Христос имел в виду нечто совсем иное под водой жизни. Он имел в виду, что жаждущая душа может получить глоток из источника прохладного освежения и живой радости. Он не имел в виду набор доктрин; доктрины для жизни — то же, что пергаменты и документы на право собственности для поместья с лесами и водами, полями и садами, домами и коттеджами, и живыми людьми, движущимися туда-сюда. Нет никакой пользы владеть документом, если не посещаешь свое поместье. Доктрины — это попытка изложить сухим и точным языком идеи и мысли, дорогие и свежие для сердца. Мы живем качествами, надеждами и привязанностями; и если наши глаза открыты, мы можем увидеть, как мой друг видел во сне, поверхность твердой скалы, полную движущихся точек и мерцающую нитями стремительной жизни, когда солнце опустилось с высоты, а ветер веет прохладой через пустошь от открытых врат вечера.

XVII

ДОСТУПНОСТЬ

На днях меня очень заинтересовала фотография Генри Филпотса, грозного епископа Эксетера, в преклонном возрасте. Он, полагаю, проиграл в судебных тяжбах со священниками больше денег, чем любой другой епископ, когда-либо живший. Старик сидел в своих нескладно сидящих гетрах, согнувшись или сгорбившись в кресле, и читал письмо. Его лицо было обращено к зрителю; с жесткими, торчащими волосами, выпяченной губой, морщинистым лбом и глубокими мешками под глазами он выглядел как ужасный старый лев, который уже не мог прыгнуть, но не забыл, как рычать. Его лицо было полно недовольства и гнева. Я вспомнил, как один священник рассказывал мне, что сидел рядом с епископом на обеде пасторов, и молодой викарий, сидевший с другой стороны, оскорбил его, решив, что тот глух, и говоря с ним очень громко и отчетливо. Епископ наконец повернулся к нему с яростным лицом и сказал: «Я хочу, чтобы вы поняли, сэр, что я не глухой!» Это настолько смутило молодого человека, что он не мог ни говорить, ни есть. Старый епископ повернулся к моему другу и сказал тяжелым тоном: «Я не гожусь для общества!» И действительно, он не годился, если мог спустить с цепи такого свирепого зверя по столь незначительному поводу.

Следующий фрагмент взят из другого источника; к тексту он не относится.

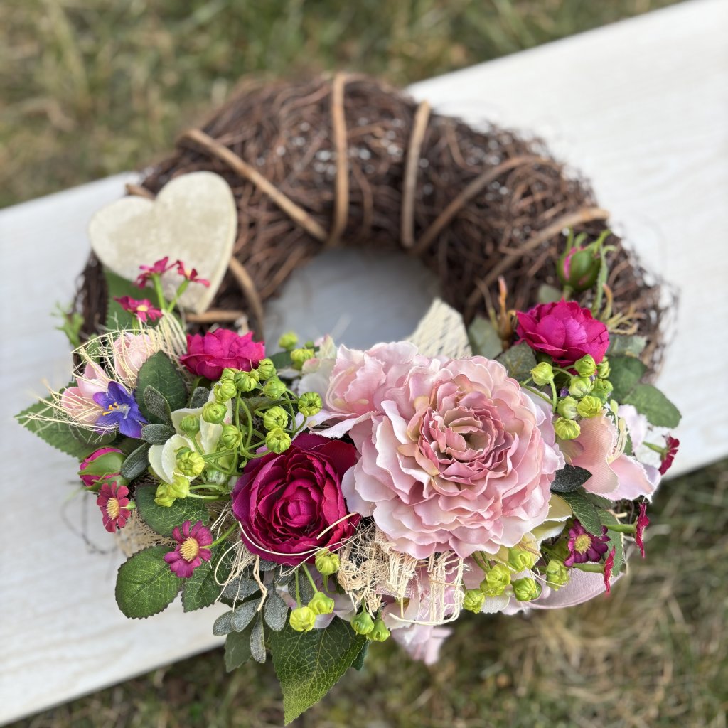 Dekorační věnec na dveře s květinami - kód: LET 1
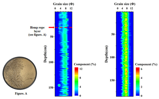 LD11 has a relatively single lithology, mainly composed of dark gray and grayish-green clayey silt, with thin sandy layers. Plant roots, shell fragments, and artificial debris (such as hemp rope) can be seen (Figure 4). The component percentage of silt fluctuates greatly, ranging from 0 to 75.34%, with an average value of 60.40%. The sand content is the lowest, ranging from 0 to 50.70%, with an average value of 7.97%. The clay content is in between, with a wide range of variation, with a maximum value of 100%, a minimum value of 13.13%, and an average value of 31.63%. The average grain size ranges from 4.70 to 9.03 Φ, and an average value is 5.87 Φ. The fluctuation range of the sorting coefficient is 0.53~2.46, with an average value of 1.72, indicating good to poor sorting. Among them, samples with poor sorting performance are dominant. The skewness fluctuation range is −0.29~0.50, with an average value of −0.07. The kurtosis value ranges from 0.68 to 1.15, with an average value of 0.93.
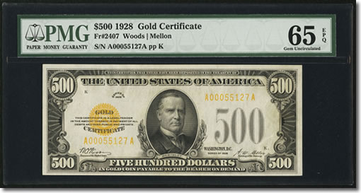 Small Size Notes, Error Notes, and Large Size Notes will be featured during Session Two beginning on Friday, June 18 at 6 p.m. CST. Among the Small Size selections are newly discovered $5,000 and $10,000 Federal Reserve Notes from the Dallas district Fr. 2221-K $5000 1934 LGS FRN Note PMG Very Fine 30 and Fr. 2231-K $10000 1934 FRN PCGS Apparent Very Fine 25, and a gorgeous Fr. 2407 $500 1928 Gold Certificate PMG Gem Uncirculated 65 EPQ.
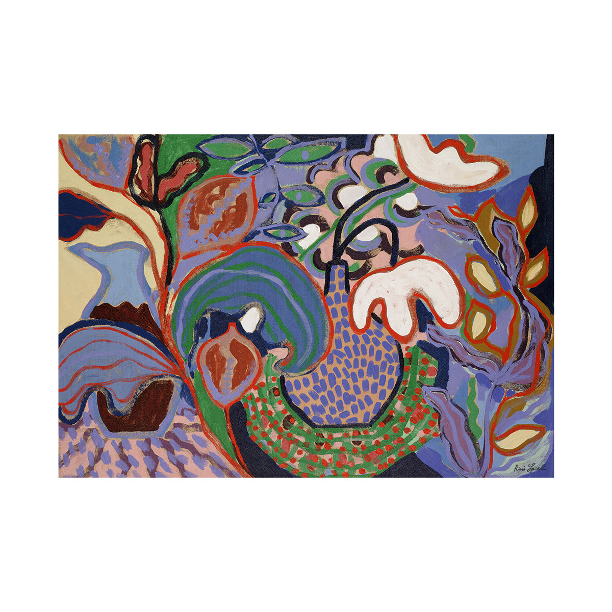 The Felicity Art Print bursts with energy through its vivid colours and abstract forms, evoking a sense of organic beauty. Rich in vibrant greens, purples, and reds, the composition draws attention to its layered shapes and bold lines, creating a dynamic interplay of patterns. Perfect for adding life to any space, this piece brings a touch of modern art while retaining a playful, earthy charm. A stunning statement for those who appreciate bold, expressive design.
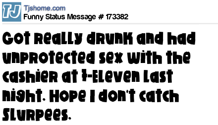 X says Got really drunk and had unprotected sex with the cashier at 7-Eleven last night. Hope I don't catch Slurpees.
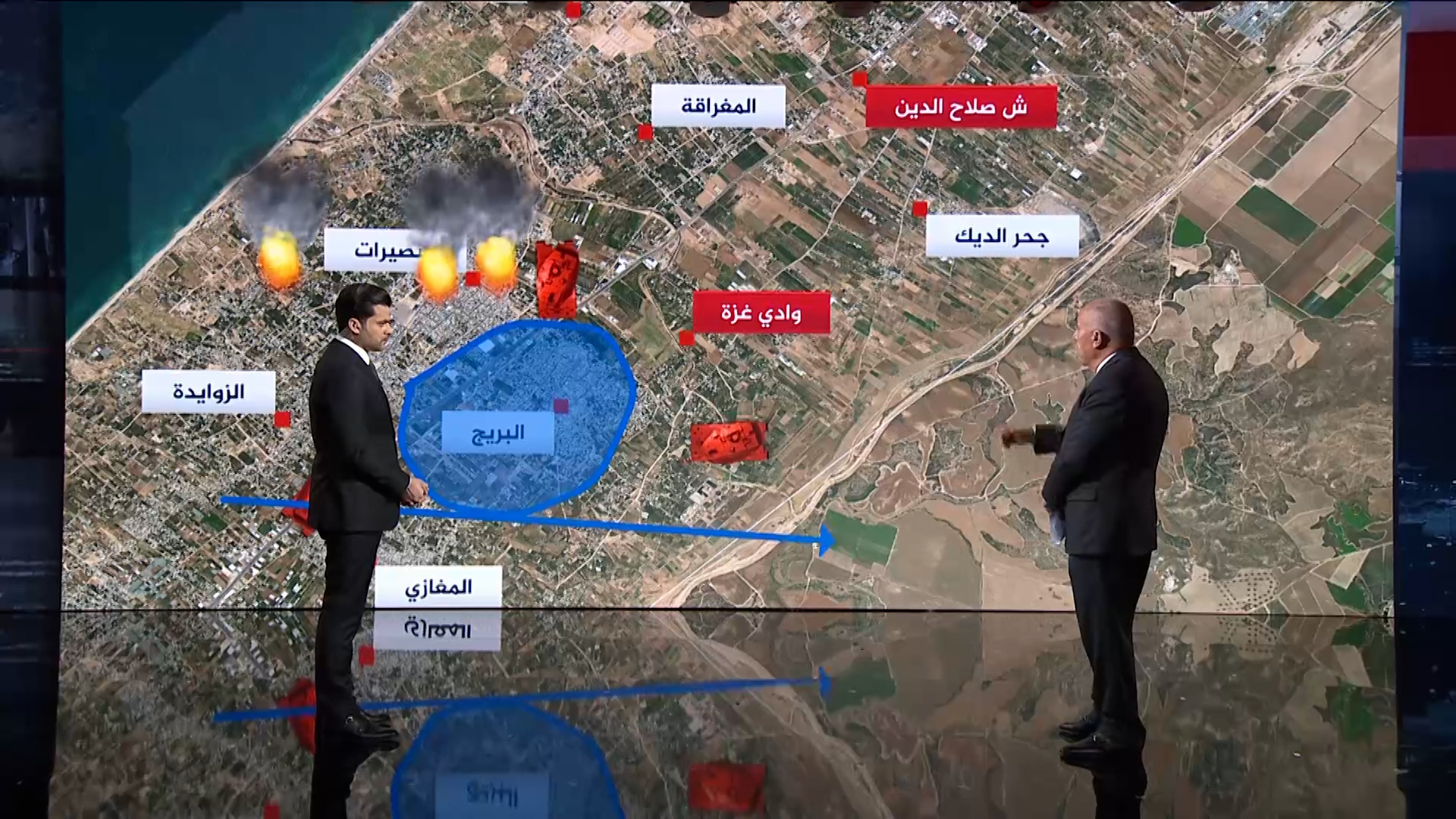 وبسبب قوة المواجهة، عمدت إسرائيل إلى تكتيك إضافي لتشتيت المقاومة أملا في الوصول إلى طريق صلاح الدين، فأرسلت فرقة إلى شمال النصيرات لعمل إحاطة تتجاوز الزوايدة إلى أطراف دير البلح، وفق الدويري.
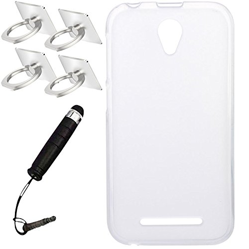 Semoss 3 in 1 Set Custodia Silicone Rubber Cover per ZTE Blade A110 / Blade L110 Ultra Slim Hybrid Protettivo TPU Bumper Case Gel con Anello Supporto e Mini Touch Pen,colore:Trasparente Bianco
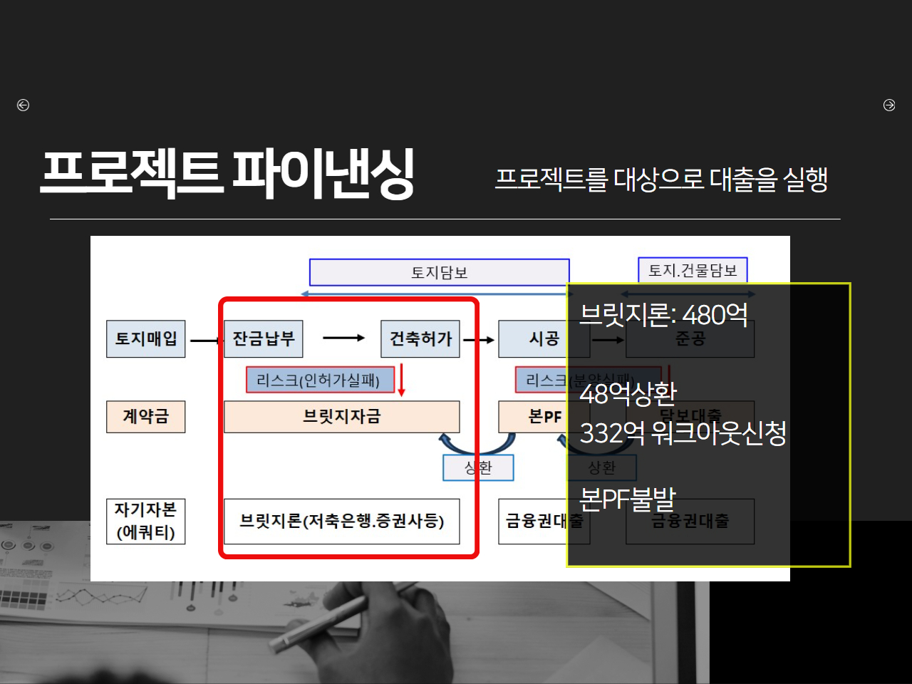 해당 사업을 담보로 480억을 브릿지론으로 대출을 받았습니다.
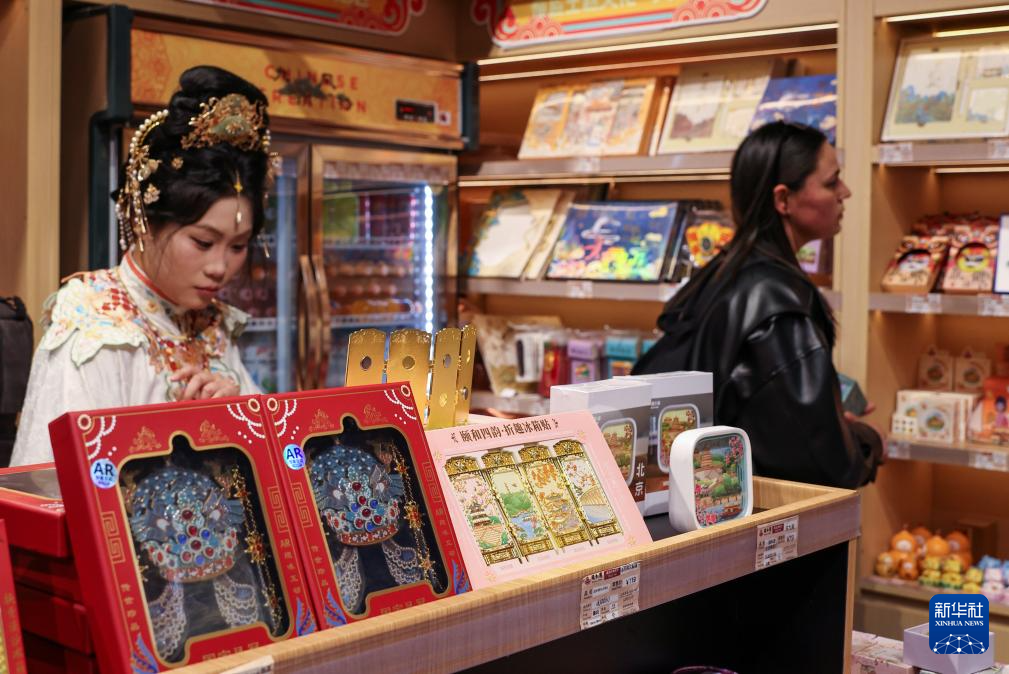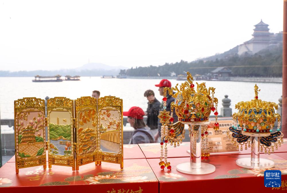 3月23日,游客走过颐和园的文创商品店。

Есть и много других историй о горьких вещах, которые он говорил, и о том, как его недовольство могло нависнуть, словно туча, над всей компанией. Он был храброй старой фигурой, это правда, очень энергичный, очень способный, решительный делать то, что считал правильным, и бесконечно мужественный. Я размышлял над портретом, думал о том, насколько он был живым и живописным и насколько совершенно не похожим на представление о пожилом христианине или главном пастыре. На своей прекрасной вилле у моря, с ее свисающими лесами и садами, правящий с усердием, он казался мне скорее стоическим римским императором или буйным саддукеем, воплощением духа мира. Оставалось только гадать, что могло привлечь его ко Христу или какую роль он сыграл бы, если бы был в Синедрионе, который судил Его!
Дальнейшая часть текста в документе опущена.